Dmitri — I agree with both of your points.
- Idempotency storage will stay separate from the metastore. It will
be separate in code and in transactions. We make the idempotency
decision before the handler runs, or after it commits — never inside
the metastore transaction.
- I'll document the assumption you raised. Model B is only as strict as
the spec wants if the client builds the request so that at most one
try can commit (for example, update requirements). The catalog's
optimistic concurrency makes sure of this. Model B just records the
result on top of it. I'll say this clearly in the Polaris docs.
Robert — I see why the operation-id-in-metadata idea is appealing. If we
write the id inside the commit, it is atomic with the change. That would
close the in-flight gap for table and view operations. That is a real
plus.
But I don't think we should put the idempotency key in table metadata.
Here is why:
1. It only works for table and view operations. It can't help namespace
operations, grants, or other writes. A separate store handles all of
them with one mechanism.
2. It mixes two concerns. Idempotency is a REST/catalog concern. Table
metadata should describe the table — schema, snapshots, partitioning,
sort order. A per-request id is not table state. I'd rather not mix
the two.
3. It bloats the metadata. To support retries we'd have to keep
operation-ids with some retention/TTL. metadata.json is rewritten on
every commit and read on every table load. For tables with many
writes, this adds real cost. And every client and engine that reads
the table pays it, not just the idempotency path.

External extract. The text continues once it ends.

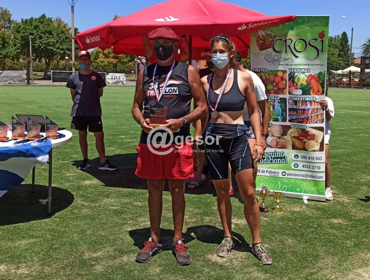 Aquí algunas de las imágenes de la llegada, de las zonas que se crearon para el material que iban utilizando entre prueba y prueba y la posterior ceremonia de premiación, en la que también hubo reconocimientos para el atleta de mayor edad con 70 años, y para los socios a nivel masculino y femenino que tuvieron mejor participacion, en este caso fueron Gabriel Priano e Ynela Aire respectivamente..

4. It doesn't match the spec. The Iceberg REST spec defines idempotency
at the protocol layer — an Idempotency-Key header with a server-side
contract. It does not store idempotency in table metadata. Putting an
operation-id there would be a new mechanism that isn't in the spec
today. So it's a change to how the spec
works, and a cross-project change too.
So I'd prefer to keep the record in a separate idempotency store. We
accept the in-flight gap, but it is bounded. The catalog's optimistic
concurrency stops a duplicate commit from landing. And once a record
exists, retries replay cleanly.
Thanks,
Huaxin
On Sat, May 30, 2026 at 3:15 AM Robert Stupp <[email protected]> wrote:
> Hi all,
>
> Thanks for the clarifications. Russell's explanation is especially useful.
> I agree, ambiguous request outcomes, for example, timeouts or network
> connections being reset, are hard to reason about.
>
> Clients often cannot reliably reconcile from the current state alone for
> table/view state mutating operations.
>
> I wonder whether the idempotency key should be recorded in the table/view
> metadata as an "operation-id", with an explicit retention guarantee, maybe
> tied to a server-provided minimum TTL.
> The approach could reduce or change the role of a separate
> idempotency-record table and handling of it.
>
> Request handling could roughly look like this:
> if the current history/metadata already contains that "operation-id",
> return equivalent-enough response without re-running the operation.
>
> try the committing operation:
> if the commit succeeds:
> record the "operation-id" in the table/view metadata, and
> return the successful response.
> if the commit runs into a conflict:
> re-check whether the current metadata/history contains that
> "operation-id"
> if so:
> return equivalent-enough response.
> otherwise:
> return the conflict response.
>
> This is not perfect either and needs spec work, retention rules, and may
> only work for table and view operations.
>
> I mostly want to separate the questions:
> 1. What guarantees do clients actually need after an ambiguous outcome?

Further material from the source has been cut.